Yes. If a Section 13 notice was defective, the usual result is simply that it does not work, not that the landlord is barred from trying again. A landlord who realises their notice was invalid, or who has it pointed out to them, can serve a fresh notice that fixes the problem. So spotting a defect does not end the matter for good; it more often resets it. The value of catching the defect is still real, though. It buys you time, because the proposed increase on the bad notice cannot take effect, and a landlord who has to redo the paperwork may decide the increase is not worth the effort, or may serve a second notice that is also flawed. Treat a defective notice as a delay and a second chance to prepare, not as a permanent victory.
+Does the once-a-year rule reset when a landlord re-serves?
The rule that rent can only be increased about once a year is tied to when an increase actually takes effect, not to how many notices the landlord serves. A defective notice that never took effect does not usually start a fresh annual clock, because no increase happened. So if your landlord serves a corrected notice, the relevant question is still when your rent was last lawfully increased, and whether enough time has passed since that real increase. Serving and re-serving notices does not let a landlord stack up increases faster than the law allows. If the second notice tries to bring in a new rent too soon after a previous genuine increase, that timing is itself something you can challenge, regardless of how many earlier notices there were.
+Does the second notice need its own full notice period?
Yes. Each Section 13 notice has to stand on its own. A fresh notice must give the full minimum notice period before its proposed start date, counted from the new notice, and must propose a start date that complies with the rules in its own right. The landlord cannot borrow the dates from the defective first notice to shortcut the second. So when a second notice lands, check its notice period from scratch: is the gap between service and the proposed start date long enough, and does the start date fall correctly. A landlord rushing out a replacement sometimes gets the new dates wrong too, especially if they were trying to preserve the original timetable, and that is a defect in the second notice you can raise.
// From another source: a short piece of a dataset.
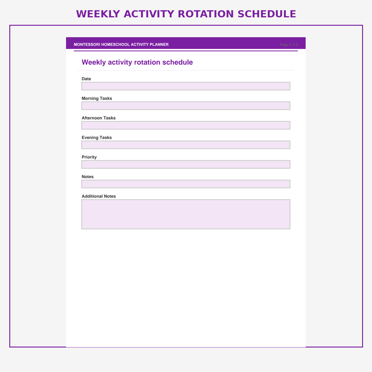 Weekly activity rotation schedule

+Is a withdrawn Section 13 notice the same as a defective one?
Not quite, although the practical effect for you is similar. A defective notice is one that was never valid because it broke a rule, for example the wrong form or the wrong notice period. A withdrawn notice is one the landlord chooses to take back, perhaps because you pointed out a problem or because you negotiated. In both cases the proposed increase in that notice does not go ahead, and the landlord generally has to serve a fresh, valid notice if they still want to raise the rent. The difference matters mainly for the timing of the once-a-year rule and for any tribunal application that was already running: a withdrawn notice usually ends a live challenge to it, whereas a notice you have shown to be defective may still need the tribunal to confirm it does not bite. If a notice is being withdrawn, get the withdrawal in writing.
+Should I still apply to the tribunal if I think the notice is defective?
Be careful here, because getting it wrong can be costly. A genuinely defective notice may simply have no effect, so in theory you would not need to do anything. But deciding for yourself that a notice is invalid and then ignoring it is risky: if you are wrong, the increase can take effect because you did not challenge it in time. The safer approach is usually to raise the defect in writing with the landlord and, if there is any doubt and the deadline to apply to the tribunal is close, to apply to protect your position rather than rely on the notice being invalid. You can explain the validity point to the tribunal. If the landlord then serves a corrected notice, you assess that one on its own merits and decide whether to challenge it too. When timing is tight, protecting your position beats gambling on invalidity.